__Work item__
Please reproduce the data exactly, though every picture must stay out.

__Information supplied__
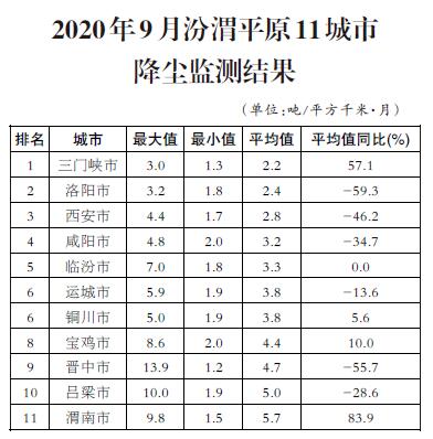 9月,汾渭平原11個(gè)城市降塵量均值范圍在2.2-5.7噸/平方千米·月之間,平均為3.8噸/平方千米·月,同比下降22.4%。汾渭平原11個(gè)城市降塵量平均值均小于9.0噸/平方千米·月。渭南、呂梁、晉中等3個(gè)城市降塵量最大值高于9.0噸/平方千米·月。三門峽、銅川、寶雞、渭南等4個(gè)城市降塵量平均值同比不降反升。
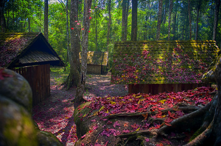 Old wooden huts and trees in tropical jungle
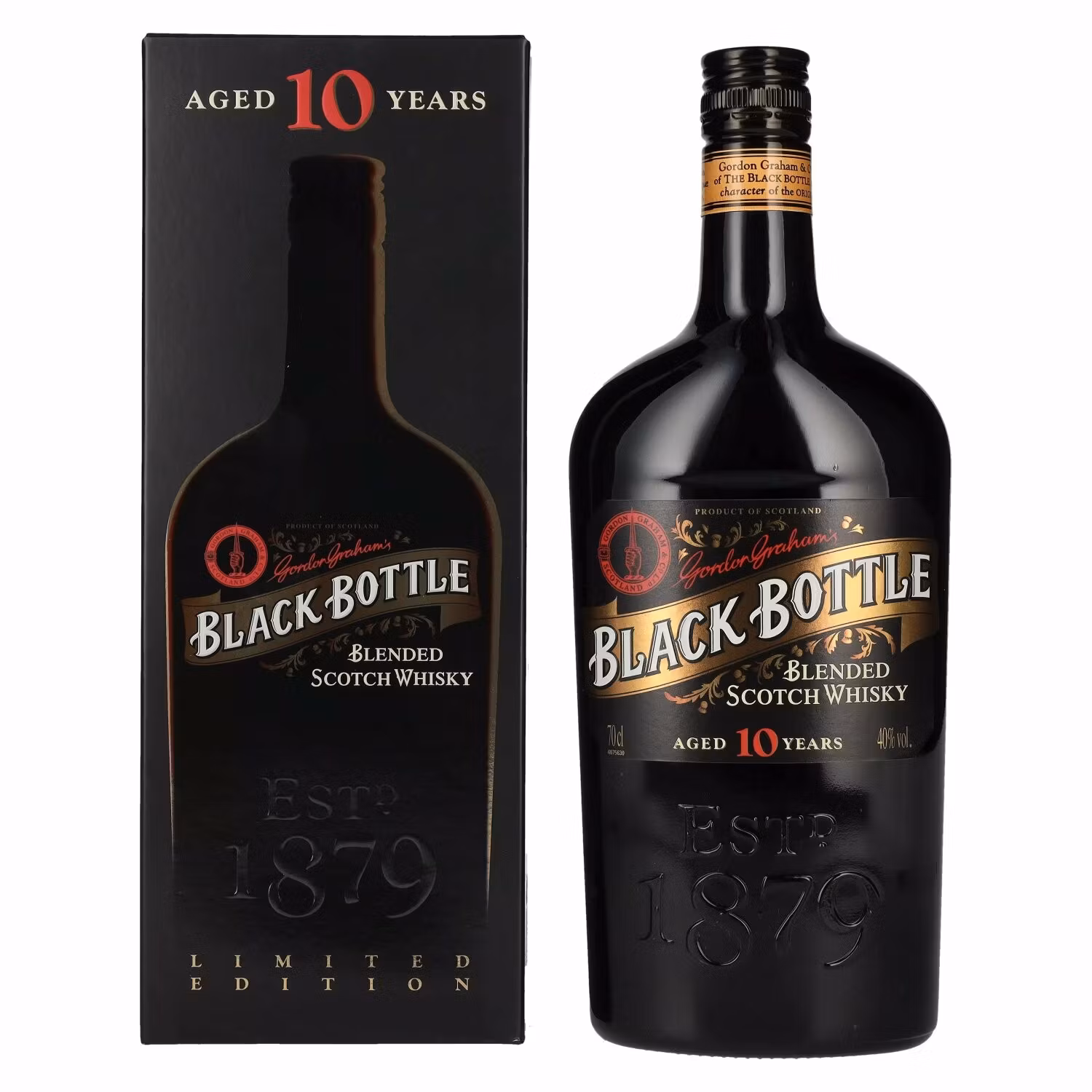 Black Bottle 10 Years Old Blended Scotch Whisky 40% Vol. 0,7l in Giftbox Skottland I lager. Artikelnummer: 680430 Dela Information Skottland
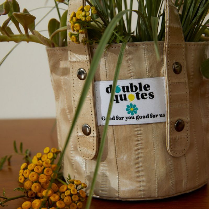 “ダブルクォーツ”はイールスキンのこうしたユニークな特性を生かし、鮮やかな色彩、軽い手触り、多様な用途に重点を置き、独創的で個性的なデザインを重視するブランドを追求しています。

__Answer for the task__
 9月,汾渭平原11個(gè)城市降塵量均值范圍在2.2-5.7噸/平方千米·月之間,平均為3.8噸/平方千米·月,同比下降22.4%。汾渭平原11個(gè)城市降塵量平均值均小于9.0噸/平方千米·月。渭南、呂梁、晉中等3個(gè)城市降塵量最大值高于9.0噸/平方千米·月。三門峽、銅川、寶雞、渭南等4個(gè)城市降塵量平均值同比不降反升。
 Old wooden huts and trees in tropical jungle
 Black Bottle 10 Years Old Blended Scotch Whisky 40% Vol. 0,7l in Giftbox Skottland I lager. Artikelnummer: 680430 Dela Information Skottland
 “ダブルクォーツ”はイールスキンのこうしたユニークな特性を生かし、鮮やかな色彩、軽い手触り、多様な用途に重点を置き、独創的で個性的なデザインを重視するブランドを追求しています。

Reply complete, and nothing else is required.